La comunicadora Consuelo Despradel protagonizó un momento de tensión durante la transmisión del programa Tempranito, al reaccionar enérgicamente ante un hecho criminal reciente. En su intervención, expresó indignación por el caso de un presunto homicida que, tras cometer el crimen, fue capturado en un hotel de Higüey luego de realizar compras con el dinero obtenido. El hecho generó amplio rechazo social y reacciones en distintos espacios mediáticos.

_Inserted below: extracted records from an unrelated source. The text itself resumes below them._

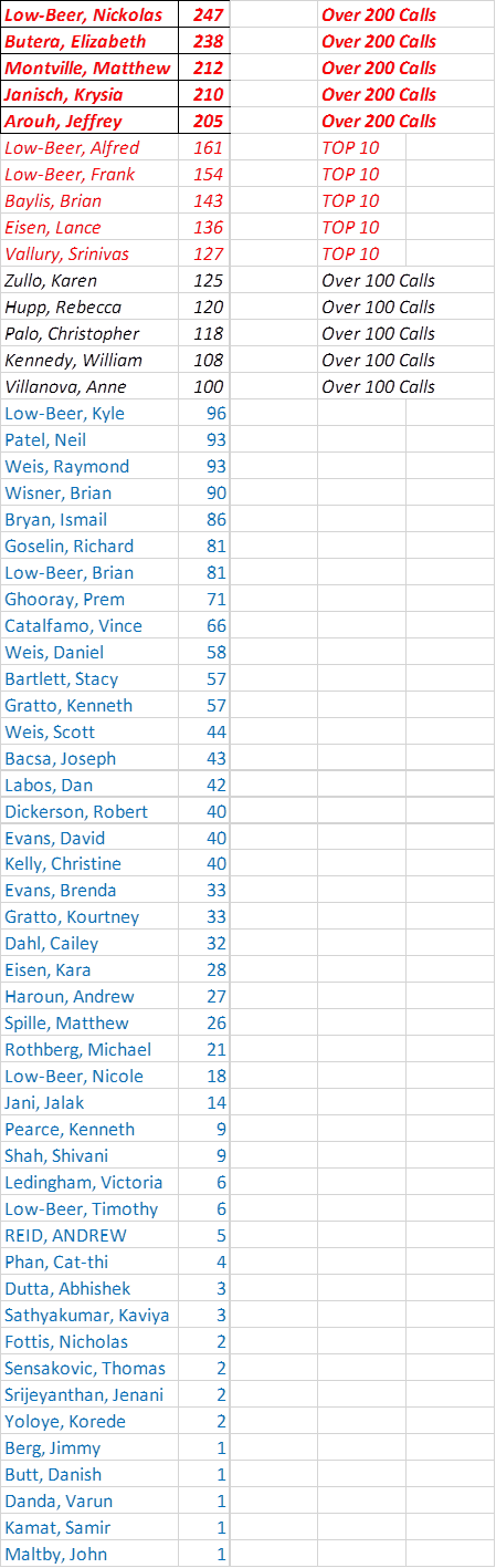 * LOSAP data as per total calls only. (Other info is included in LOSAP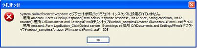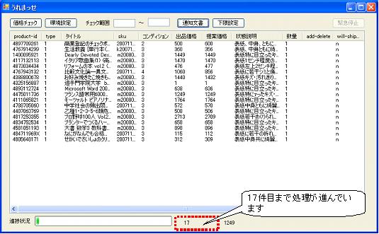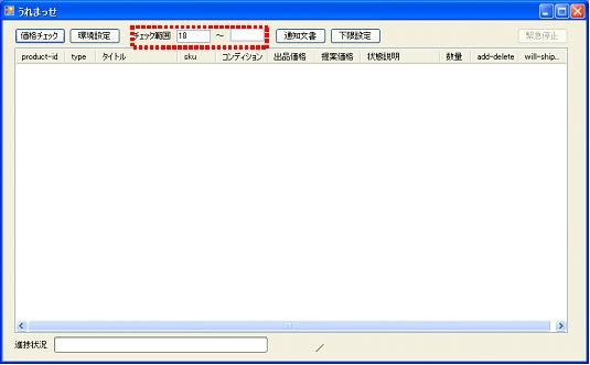 ■障害対処手順 発生頻度が高いと考えられる障害への対処方法を説明します。 ![]() 1.Amazonとの通信障害が発生すると上記のエラーメッセージが表示されます。 このメッセージが発生した場合、処理を続行することは不可能になります。 ![]() 2.何件目まで処理が進んだかを控え、うれまっせを一旦終了します。 3.途中までの価格改定結果は既に出力されていますが、 障害発生以降の価格改定結果の出力先を別途指定します。 (出力先のファイルを作成、設置する必要があります) ![]() 4.うれまっせを再度起動します。メイン画面上部のチェック範囲フォームに、障害発生時の進捗件数+1の 数値を指定します。 画面の例では18件目から価格改定を再開します。 ※ちなみにチェック範囲フォームの二個目のエリアに数値を入力しますと、価格改定の 終了件数を指定することも可能です。 |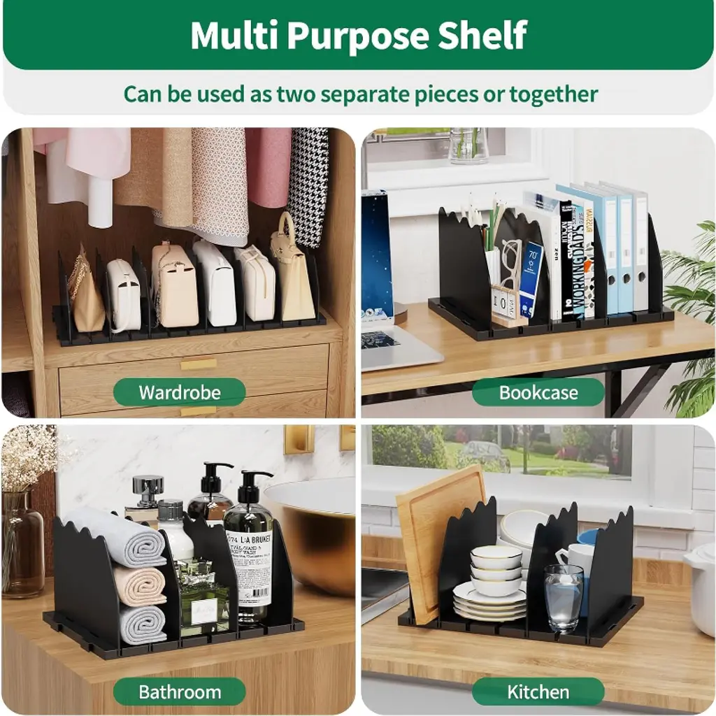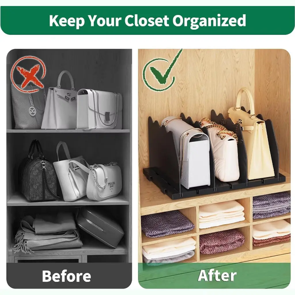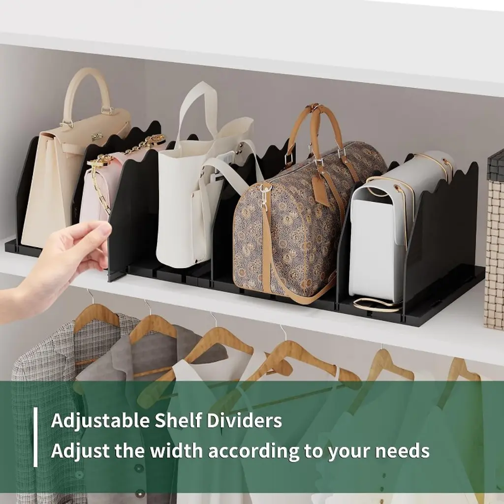 Transform Clutter into Order with Crystal Clear Precision! Tired of collapsing purses and tangled files? Our Premium Adjustable Shelf Dividers are your ultimate clutter-busting secret weapon! Engineered for luxury bag collectors and organization enthusiasts, this 8-piece set (2 complete bases + 8 dividers) brings military-grade precision to any space.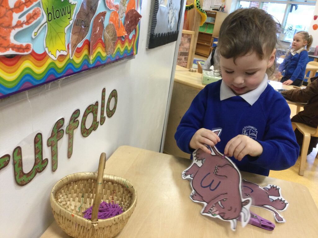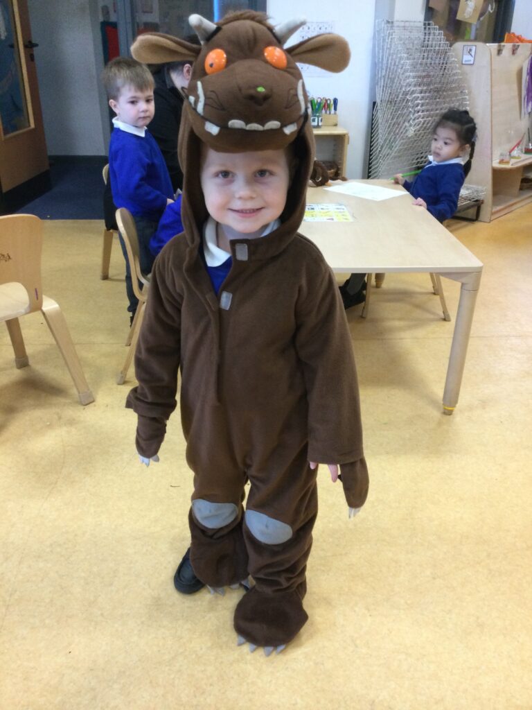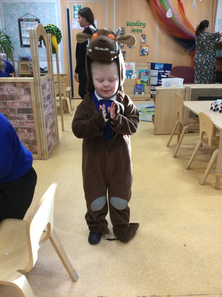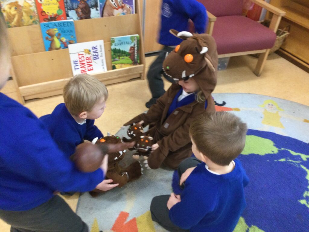 We shared the gruffalo costume to act out the role of the gruffalo. We accessed the topic tray to tell the story.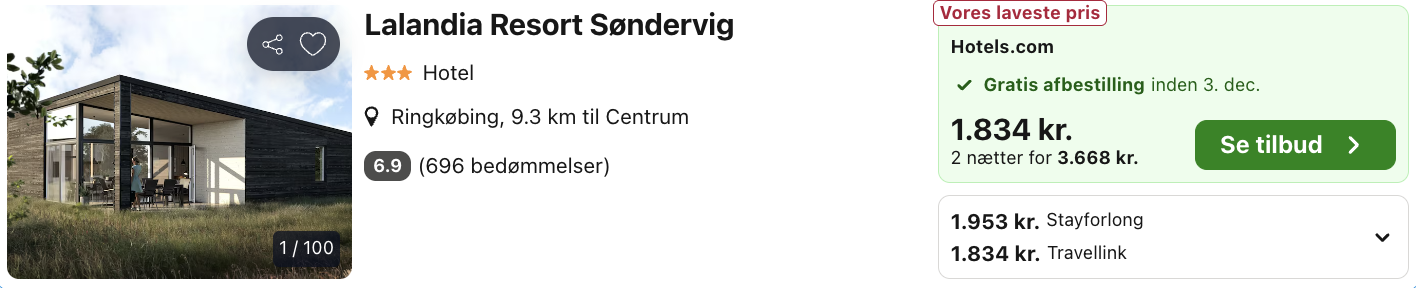 Hvis rejsen er med “Vis rejse” link, så er der tale om en pakkerejse, hvor fly og hotel bestilles på en gang.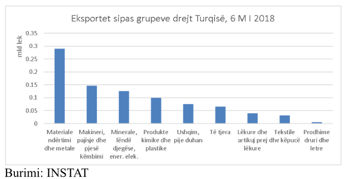 Produkti më i eksportuar janë “Materiale ndërtimi dhe metale”, me 33% të totalit (shih grafikun). Njëngadalësim i ekonomisë turke, si rrjedhojë e krizës financiare do të ulte dhe kërkesën për produkte shqiptare, po sërish ndikimi do të jetë i ulët për shkak të peshës sëpapërfillshme.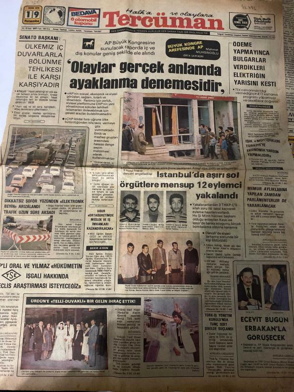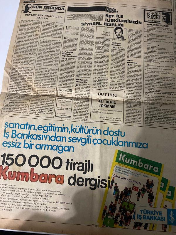 TERCÜMAN GAZETESİ - 19 EKİM 1978 - SADECE 2 SAYFADIR -Atalay-Mehmet Muhsinoğlu-Bekir Aydin-İhsan Mungan-Ecevit-Erbakan-Ahmet Kabaklı-Dr. Havil Ürgüplü-Rauf Tamer-Ali Behiç Tokman Senato Başkanı: Ülkemiz iç duvarlarla bölünme tehlikesi ile karşı karşıyadır-Olaylar gerçek anlamda ayaklanma denemesidir-İstanbul’da aşırı sol örgütlere mensup 12 eylemci yakalandı-Ödeme yapmayınca Bulgarlar verdikleri elektriğin yarısını kesti-Işık ve Otoketler vergi iadesinden ekonomik yararlandırılacak-Ecevit bugün Erbakan’la görüşecek-Ürdün’e telli duvaklı bir gelin ihraç ettik-Gün ışığında Devlet sendikacılığı faşizm-AET ile ilişkilerimizin siyasal ağırlığı-Sözün kısası Yarı aydın ihaneti adlı eser, Kitap > Süreli Yayınlar > Gazeteler > Türkiye > Genel > Günlük kategorisinde İkinci El olarak satıştadır.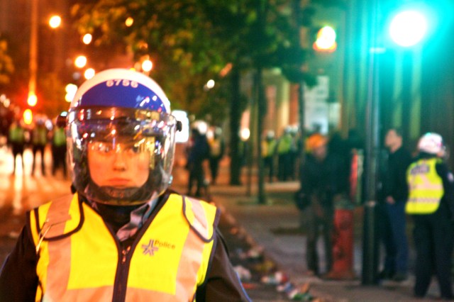 I arrived home only at 1am, wide awake, with the dust of pepper spray still lightly resting on my eyelashes, still beaming from the biggest win I can recall, while my mind was still flashing from the sensory overload that was St. Catherine and Drummond. Uncountable empty and still foaming full beer bottles were thrown into crowds of hundreds, and at horses and baton wielding riot cops. People climbing everything. Firework cannons being unleashed from the hands of drunk men in the middle of the closed down intersection. A man taking a piss in the middle of a crowd of thousands, just because he could. Fires in the gutters, burnings of Lindros jerseys (why not, right?) and giant cutouts of Crosby (still don’t know where they got it from).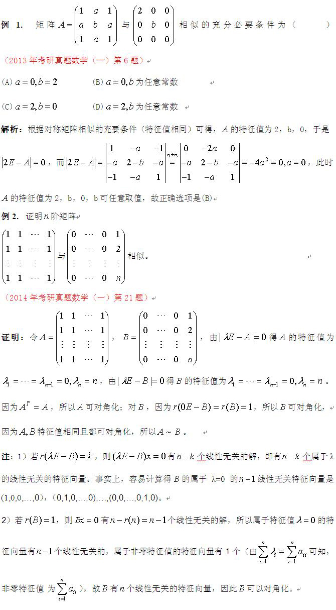 在 考研数学中,特征值和特征向量是线性代数的重要考点之一,每年必考,并且往往是以一道解答题的形式出现,占11分,因此各位考生应该重视并熟练掌握其解题方法。在 《2015考研数学线性代数典型题型分析:特征值和特征向量(1)》中,已经向大家介绍了求矩阵的特征值和特征向量的不同方法,下面 文都考研数学辅导老师将向大家继续介绍判断或证明矩阵可对角化的不同方法、将矩阵相似对角化的不同方法以及相似矩阵的一些性质,供各位考生参考,希望对大家有所帮助。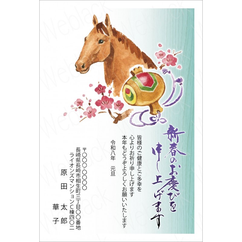 タグ: 和風年賀状, スタンダードデザイン年賀状, 午年年賀状, 午年デザイン年賀状, 干支文字デザイン年賀状, たてデザイン, 祝詞変更可, 文章変更可, フチあり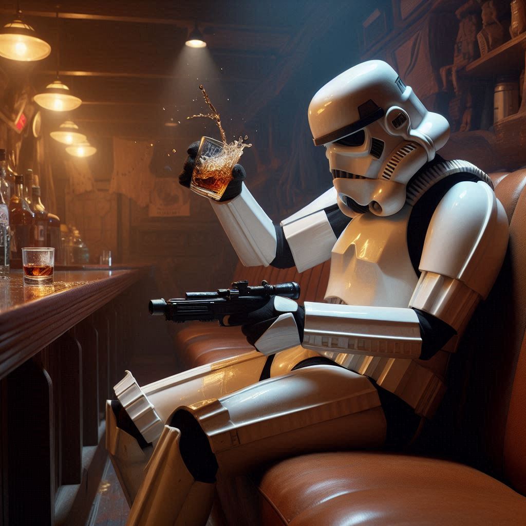 142.3 KB 1024 x 1024 | Oct 5 2024 11:54 PM CST | The StormTrooper trying to drink from a shot glass, and misses. | ||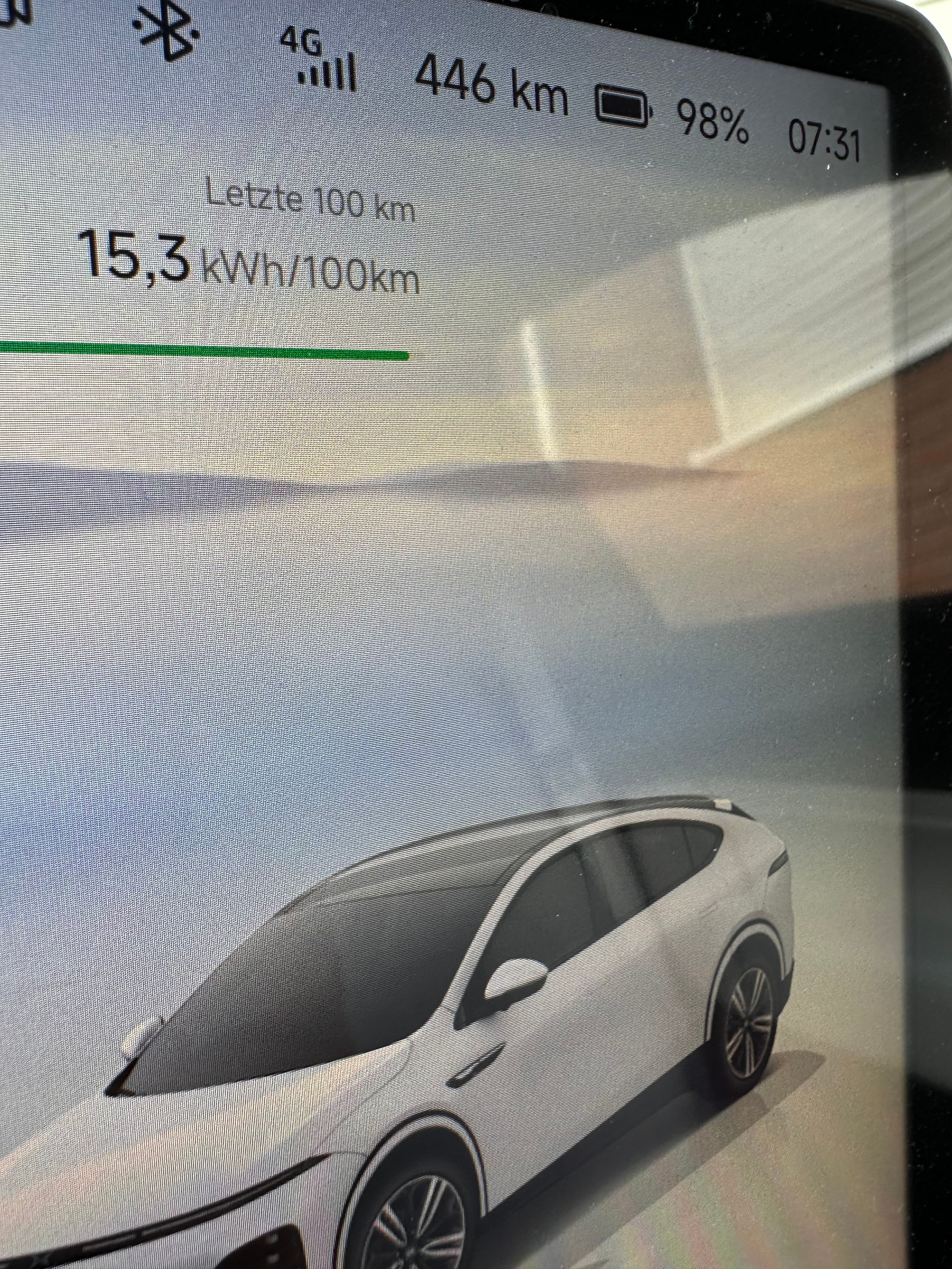 Stimmt, die Verbrauchsanzeige scheint richtig komisch zu funktionieren (Facelift LR). Ich bin gestern gut 20 km gefahren (Stadtverkehr, ca. 10 Ampel, Durchschnitt 25km/h), 2 Grad draußen, Heizung 23 Grad, Lenkrad- & Sitzheizung Fahrer. Ich habe ca. 25 kWh/100 km erwartet (etwas mehr als Model 3 LR / i4, die haben auf der Strecke ca. 22-24 verbraucht), laut Anzeige waren es aber nur 18,5 kWh/100 km. Der Wert ist wesentlich zu niedrig.

Durante el programa, la conductora amplió su crítica hacia problemáticas sociales más amplias, como la delincuencia, el desempleo juvenil y la informalidad en el país. En ese contexto, cuestionó políticas públicas relacionadas con el acceso al primer empleo, señalando la necesidad de priorizar a los ciudadanos dominicanos. Sus declaraciones, marcadas por un tono fuerte y directo, reflejaron frustración ante situaciones que considera recurrentes en la sociedad.

El episodio generó debate en la opinión pública sobre el rol de los medios de comunicación y el uso de discursos en espacios informativos. Mientras algunos sectores respaldaron la firmeza de sus planteamientos, otros cuestionaron la forma en que fueron expresados. El caso pone de relieve la sensibilidad de temas como la seguridad ciudadana y el empleo, así como el impacto de las figuras mediáticas en la construcción del debate nacional.